Task prompt:
Could you print exactly the lines from the one that contains "完全植入式输液港(implantable venous access" to the end of the data, both ends included, and nothing else? Skip the pictures.

Supplied data:

*** Begin section ***

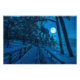 Winter landscape with snow covered pine and fir trees in a moonlight at starry night with full moon. View of coniferous forest with wooden pathway near sea coast with beautiful night sky with stars
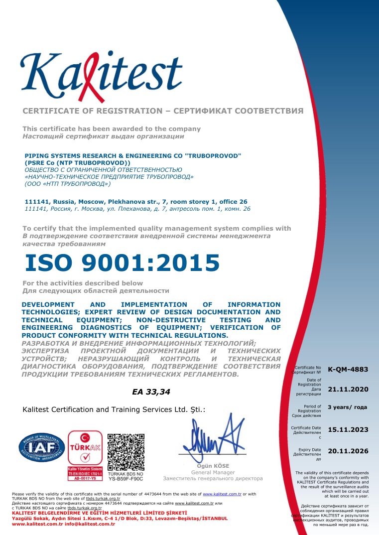 В 2008 г. впервые прошел сертификационный аудит, в результате которого нами были получены сертификаты соответствия ISO 9001 и ГОСТ Р ИСО 9001. В АО «ИПН» и ООО «НТП Трубопровод» каждые три года проводится ре-сертификационный аудит, а ежегодно проводится внешний инспекционный аудит.
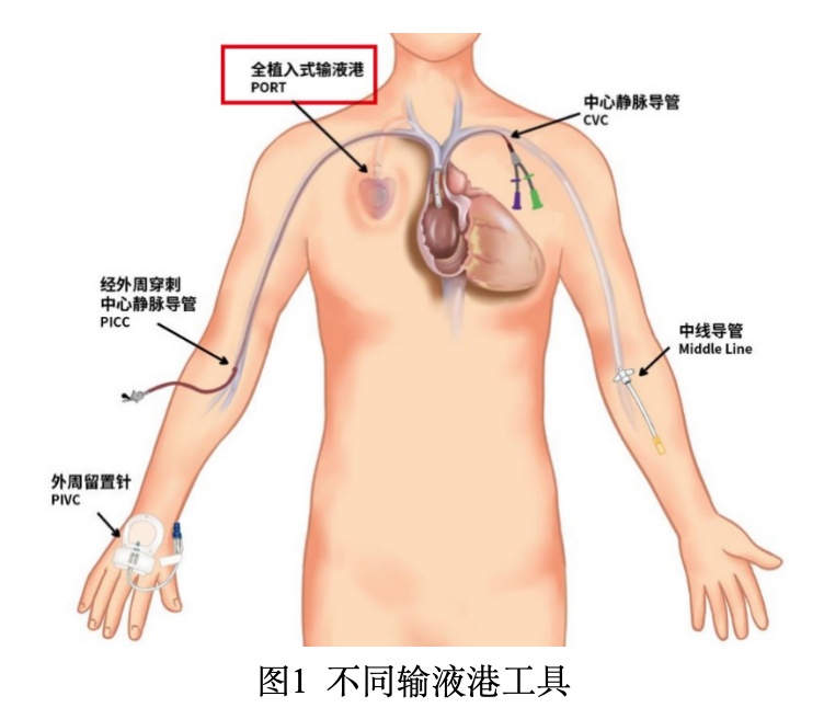 完全植入式输液港(implantable venous access port, IVAP),是一种埋入体内供长期输液的小型装置,适用范围广的静脉输液方式。它可以在多种治疗中使用,也称为看不见的“生命之港”。输液港可用于采集血标本、输血、化疗药物的输注,也可有效防止化疗药物外渗等原因造成的不良反应,为恶性肿瘤化疗和长期慢性疾病患者输液提供便捷安全的静脉输注方式,它还可以用于营养素输注和输血等。
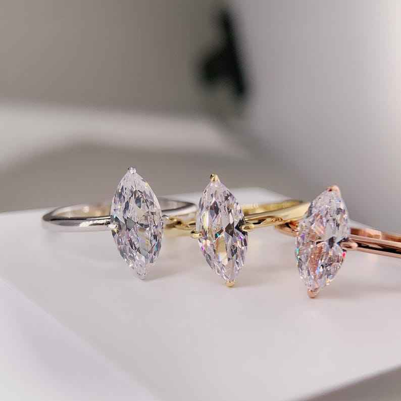 925 Sterling Silver Gold Plated Original Moissanite Gemstone Engagement Ring Customizable Marquise Cut Fine Jewelry

*** End section ***

Result of the exercise:
 完全植入式输液港(implantable venous access port, IVAP),是一种埋入体内供长期输液的小型装置,适用范围广的静脉输液方式。它可以在多种治疗中使用,也称为看不见的“生命之港”。输液港可用于采集血标本、输血、化疗药物的输注,也可有效防止化疗药物外渗等原因造成的不良反应,为恶性肿瘤化疗和长期慢性疾病患者输液提供便捷安全的静脉输注方式,它还可以用于营养素输注和输血等。
 925 Sterling Silver Gold Plated Original Moissanite Gemstone Engagement Ring Customizable Marquise Cut Fine Jewelry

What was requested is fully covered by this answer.